Understanding the Benefits of Combining Creative Spa Design with Efficient Programming

By Elaine Fenard Partner & Chief Operating Officer, Europe and U.S., Spatality | October 28, 2008

As the world of spa continues to grow in an attempt to catch up with demand, spa developers throughout the world have realized the importance of creating a true point of differentiation, and nowhere is this more apparent than in the design and programming of the facility itself.

While it's true that unique spa treatments, compelling packages and snazzy marketing all help to create market separation, it is the physical spa itself that holds one of the real keys to creating a memorable experience for guests (the other key being service excellence). But it's much easier said than done. To ensure the long-term success of a spa, one also must ensure that a spa's design and programming is based on functionality to ensure maximum productivity. It's a classic case of art-meets-science.

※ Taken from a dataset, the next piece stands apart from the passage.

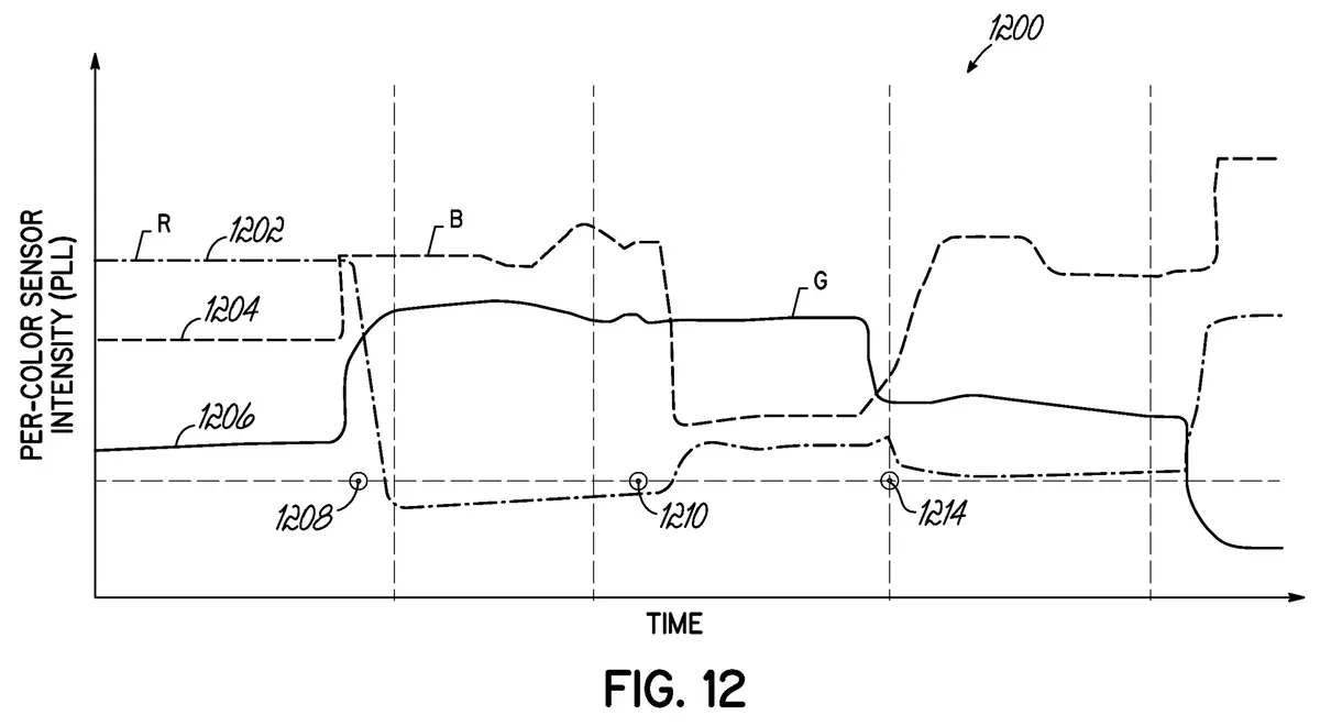 FIG. 3: Spectral response showing transmitter LED output and receiver camera responses (from US Patent 10,116,394 B2)

The ultimate goal of spa design and programming is to create an environment that not only keeps guests at the spa for a longer period, but also drives them to come back for a second, third and eventually ongoing experience. Smith Travel 2007 research on the luxury spa market shows that a well executed hotel spa increases occupancy and rate, thereby increasing the value of the asset. But of course, the spa must be designed to take advantage of these notions. And this begs the question, where to begin? The answer: develop a plan.

The Road Map

Think of your plan as a road map. In the same way you wouldn't plan an extended road trip without a map, spa design and programming should not begin without a plan. How many people do you expect to experience your spa? What is your market situation? Where will you draw from? How much of your spa revenue will come from in-house guests versus local guests? What is the optimum number of treatment rooms to ensure that you are ready to service the demand while minimizing empty-room hours? All of these questions and more should be answered in a well-prepared spa market research and feasibility study. A strong market research report will provide you with the essential information to define the structure and eventual positioning of your spa. It also will help you determine an optimal site, your competitive set and proposed budget and detailed financial forecast. Only after you have determined the business case for the spa should you focus on architectural strategies. Without it, you are simply building in the dark.